Keep in mind that this was five years before she starred in the movie musical Grease. She would win her first Grammy Award for song. This was surprising because she was up against country veterans like Tammy Wynette and Dottie West. She won for Best Female Country Vocal Performance.

Let Me Be There

1974

I was lucky enough to have never walk in on my parents when they were being intimate. My friends who have say it was a truly traumatic experience. On the TV series That 70’s Show, that exact thing happens to Eric, the main character. As he opens the door, Tell Me Something Good by Rufus and Chaka Khan. As a running gag throughout the episode, that song pops up a few times. I think of that episode when I hear this song.

Stevie Wonder wrote the song and recorded it himself on December 13, 1973 – he copyrighted it on January 3, 1974. His version was never released because he gave the song to Rufus, since Stevie was a fan of their lead singer, Chaka Khan. 

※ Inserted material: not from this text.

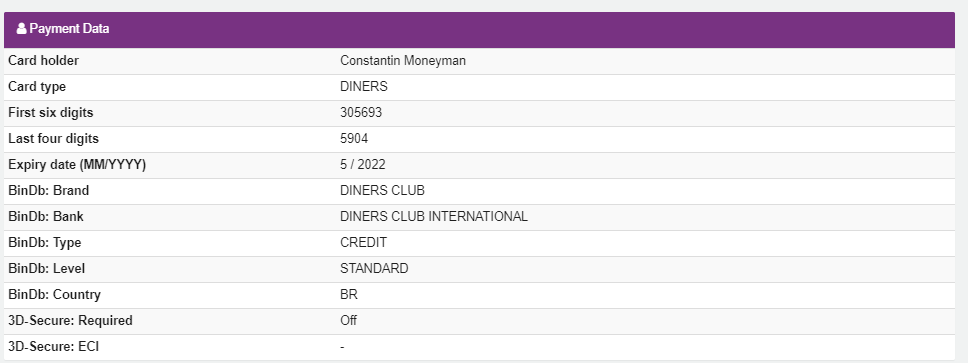 | BinDb: Brand | Card brand |

Chaka Khan tells the story that Stevie was going to bring them a song in the studio, and when he dropped by and played her one he had written, she stunned her bandmates by telling the mighty Stevie Wonder she didn’t like it! So Wonder asked her astrological sign, and when she told him Aries, he delivered “Tell Me Something Good.” According to Chaka, she loved it and they worked out the song together in the studio, although Stevie is the only credited writer on the song.

Fun Fact: Rufus evolved from a group called The American Breed, who had the hit “Bend Me, Shape Me.” They took their name from a column in Popular Mechanics magazine called “Ask Rufus,” later shortened to Rufus when Chaka Khan joined the band in 1972.

Tell Me Something Good

1975

I remember playing Bad Blood by Neil Sedaka when I worked at the oldies station. I had no idea at the time that he had done anything other than those 60’s songs he was known for.

Sedaka wrote this song with Philip Cody.  Phil said in a Songfacts interview that it’s his least favorite song. “I went to visit my family and I spent some time with my grandmother, who is an old Sicilian lady. She was telling stories about the lady up the street who used to be a witch, a Strega. And the whole idea of people being good or evil because of what goes on in their blood was just part of the superstitious nature of my Sicilian upbringing that I tried to stay as far away from as I could. (laughing) I just thought it would be an interesting way to approach a lyric: rather than from a place of enlightenment the idea is that love makes us stupid. And that’s where I went. It wasn’t (heavy sigh – pause)… I did it, and I didn’t think I did a very good job on it, and before I had a chance to do a re-write Neil was in the studio with Elton doing the song, and that was it. So I guess the best things are left undone.”

This song turned out to be Sedaka’s biggest hit, reaching #1 on the Billboard Top 100, remaining there for three weeks. He was helped by Elton John, who sang back-up for this song which ensured airplay. In an odd coincidence, this song was knocked out of its #1 position by an Elton John song, “Island Girl.”

Bad Blood

1976

More Than a Feeling was Boston’s debut single. It turned out to be a big surprise hit. Songfacts says: The group’s rise was sudden and unexpected; when “More Than a Feeling” was released, their managers spent a lot of time pitching it to radio stations, which is a very tough sell for an unknown band, but the song is so polished and radio-friendly that many stations put it on the air. It took off, and very soon this unknown band with an album recorded mostly in a basement was a major player on the rock scene.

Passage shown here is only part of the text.